The bill could have been more privacy-friendly, said Mr. Brookman. But if it had been, the ones protesting the most would have been industry leaders.
The key is that the bill offers a foundation to build on, he says. One of the best aspects of the bill is that its requirements are based on Fair Information Practice Principles such as transparency, individual control, respect for context, focused collection, and responsible use and accountability, Brookman said in a separate blog post. The blog lists the many problems that exist in the draft as written.
“I don’t think any of this was done in bad faith,” he says. “It’s hard to get privacy law right. The important thing is they got the language out there.”

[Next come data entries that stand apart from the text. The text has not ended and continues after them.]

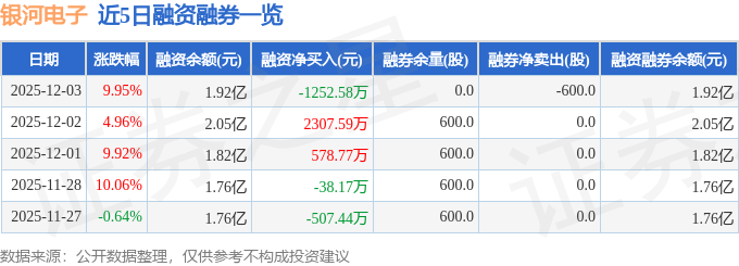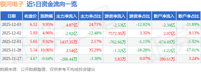 证券之星消息,截至2025年12月3日收盘,银河电子(002519)报收于6.52元,上涨9.95%,涨停,换手率28.41%,成交量317.87万手,成交额19.72亿元。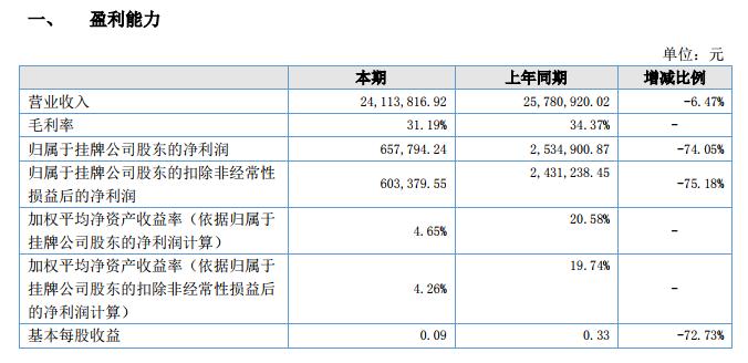 報告期內(nèi),營業(yè)收入 24,113,816.92 元,同比減少 1,667,103.10 元,下降 6.47%。下降主要原因為公司報告期內(nèi)國內(nèi)銷售同比增長 21.84%,出口銷售同比下降 61.96%,系國外訂單正式下單較晚所致;營業(yè)成本 16,593,260.77 元,同期下降 1.94%,主要系收入下降導(dǎo)致成本下降;凈利潤為 657,794.24 元,同比減少 1,877,106.63 元,下降 74.05%,下降主要原因為報告期內(nèi)出口銷售下降 61.96%,導(dǎo)致報告期收入下降,其他收益增值稅退還同比下降 50.30%。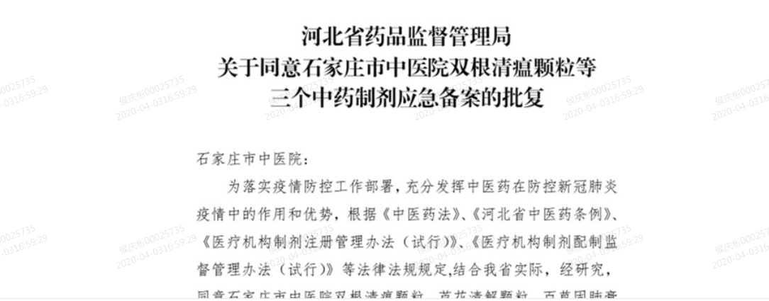 近期,河北省药品监督管理局下发文件,同意石家庄市中医药双根清瘟颗粒、芦花清解颗粒及百草固肺膏三个产品在河北省内用于新冠肺炎的治疗,其中明确双根清瘟颗粒、芦花清解颗粒由神威药业集团中药配方颗粒进行配制。

With a draft bill so complex, another challenge could be Congress. "Congress has a ton on its plate," said Ms. Brill, the FTC commissioner. "They're very well meaning people. Many people will say it's very unlikely they'll have time to deal with this issue. Is that diplomatic enough?"
Passcode deputy editor Sara Sorcher contributed reporting from Washington.
The original version of this story incorrectly attributed a quote by Jeffrey Chester ("They allow industry to conduct self-regulation behind a Potemkin privacy village. It looks like the public has a right but how this is defined will be done behind closed doors") to Alvaro Bedoya.